Planned Parenthood Federation of America (PPFA) and Planned Parenthood Action Fund (PPAF) seeks a dynamic and effective Network Security Engineer/Architect. This job reports directly to the Sr. Dir, Security Operations in the Information Security division of PPFA. The Office of Information Security provides the strategy and implementation of the information security program that safeguards the data entrusted to Planned Parenthood by its patients, supporters, donors and staff.
- The Network Security Engineer/Architect will work within a multi-disciplined team to support the Information Security Operations and Security Architecture domains by providing engineering expertise on end to end networking security infrastructure, including on-prem and cloud-based environments, physical and virtual security products, Next Generation Firewalls, CASB/SASE frameworks, as well as the DevSecOps initiatives, while following network security architecture standards and best security practices. This role adapts programs/policies to deliver a portfolio of projects and services. This role captures specific aspects of the customers’ needs or operational environment to ensure optimal project design/delivery.
- The Network Security Engineer/Architect will have primary responsibility for deploying and configuring Next Generation (Palo Alto) Firewalls to include implementing and adjusting firewall/networking policy rules, web proxies/DNS filters, cloud/host network security controls, traffic capture/logging, CASB/SASE configurations and other security-related constructs at the network layer and cloud environment level. Additionally, they will manage both AWS and Google security configurations, as well as overall network vulnerability management, along with identifying and providing recommendations for resolving security concerns related to the network environment, and will support security architecture networking priorities according to the security architecture roadmap. This role will support optimal delivery through adapting procedures and may affect quality project/service delivery.
- The engineer will also support in the development and management of information security operations, maintenance activities, written policy and SOP’s, and assists in the design/implementation of emergency/incident response processes and BCP/DR network redundancy.

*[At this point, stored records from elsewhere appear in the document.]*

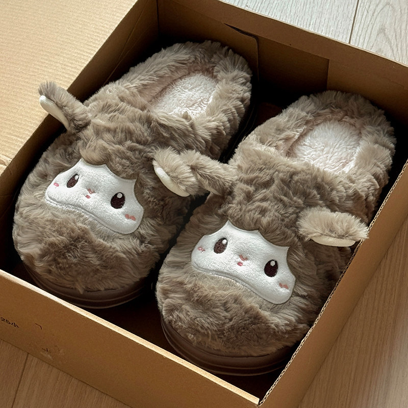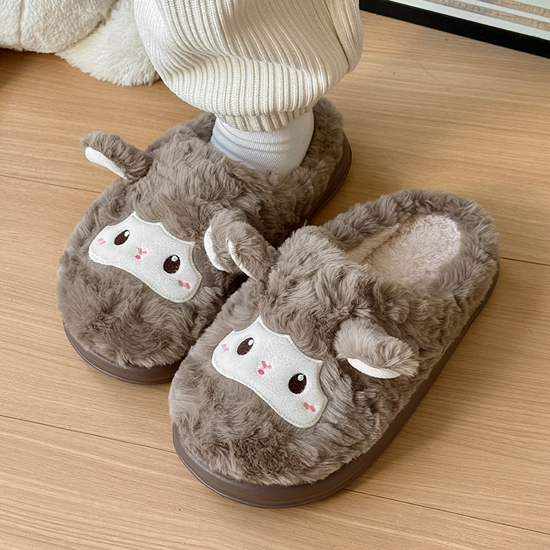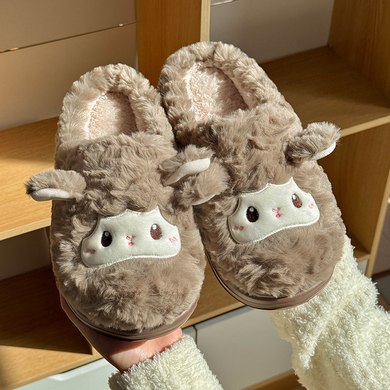 可爱小羊棉拖鞋女士2025新款冬季室内居家用厚底毛绒保暖棉拖女款
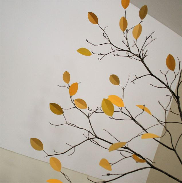 Kuru dallar üzerine ne eklenirse eklensin evlerde çok şık duruyor, ama sonbahar renkleri daha bir yakışmış eksik parçası tamamlanmış gibi olmuş.kuru dallar renkli kağıtlar ve silikon ve ya uygun bir yapıştırıcı bu güzellik için yeterli..
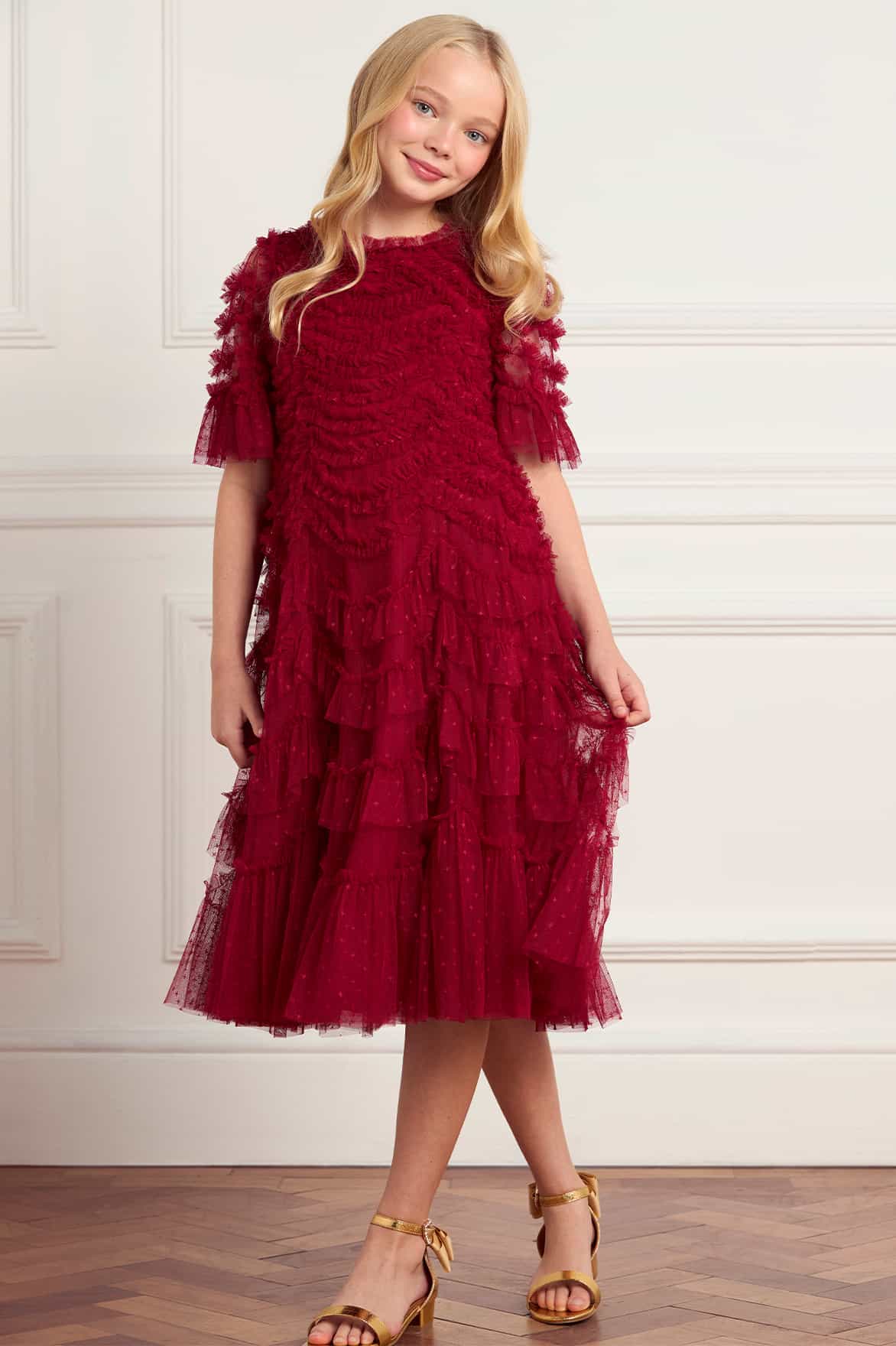 NEW SEASON. The Aviana Kids Dress in Red. A joyful burst of colour and texture. Designed with Needle & Thread’s signature scallop frills in delicate tulle, the dress balances playful volume with lightweight comfort. The bold red tone makes it a statement piece, ideal for festive occasions and family celebrations. Perfectly pairs with the Aviana Off-Shoulder Gown in Red from the adult collection for matching moments.

- The engineer is responsible for developing security control implementation plans and coordinating the development of advanced security network initiatives or access control mechanisms that can be implemented on security systems such as intrusion prevention/detection systems, firewalls, routers or endpoints in response to new or observed threats within the enterprise.
- The engineer will leverage working knowledge of security and security tool technologies to improve the security posture and will provide leadership and guidance in identifying current tool capabilities and improvements that can be applied to their configuration through configuration tuning or improved processes.
- At the direction of the Security Architecture Director, will successfully complete Security Architecture prioritized deliverables.
- The engineer will implement and adjust both AWS & GSuite configurations in accordance with AWS/GSuite security best practices including AWS/GSuite HIPAA configuration requirements.
- The engineer will assist in audits, surveys and assessments and maintain security-related procedures applied to new and ongoing network services and security architecture priorities.
- The Network Security Engineer/Architect will engage with all team members in Information Security, IT Operations, DevSecOps, Architecture, Information Technology, PPFA strategic business partners, and management staff within PPFA.
- Work closely the security team to establish prevention, detection, and mitigation techniques to protect the core networking system capabilities
- Vendor relationship management with key networking vendors, MSP and MSSP providers.
- Collaborate with colleagues and clients while reflecting empathy of perspectives, identifying recognition of mutual/complementary interests
Knowledge, Skills and Abilities (KSAs)
- Reports to the Sr. Dir, Security Operations and will work closely with Sr. Director, Security Architecture. BA or BS in Information Security, Information Assurance, Computer Science, Engineering or related field.
- 5+ Years’ experience in Information Security Networking, Engineering and Architecture roles
- Hands-on implementation and troubleshooting experience configuring Palo Alto and other Next Generation Firewalls (NGFW’s) - along with experience in SDN/SD-WAN and Secure Access Service Edge (SASE) platforms.
- Possess Palo Alto certifications i.e. Palo Alto Networks Certified Network Security Administrator (PCNSA) or Palo Alto Networks Certified Network Security Engineer (PCNSE) preferred.
- Hands-on experience with and knowledge of IT security architecture and design (e.g., firewalls, IPS/IDS systems, CASB/SASE, virtual private networking, virus protection technologies, LAN/WAN design, cloud security platforms (AWS,Azure, Google) and/or general internetworking technologies)
- Full understanding of IP network and security engineering
- Knowledge of threat and vulnerability analysis, routing protocols, routing, intrusion detection systems, intrusion protection systems, Domain Name Service, and network traffic analysis.
- Ability to write concise analytical reports and assessments.
- Ability to write / diagram network & cloud infrastructure topologies.
- Strong written and verbal communication skills including the ability to explain technical matters to a non-technical audience.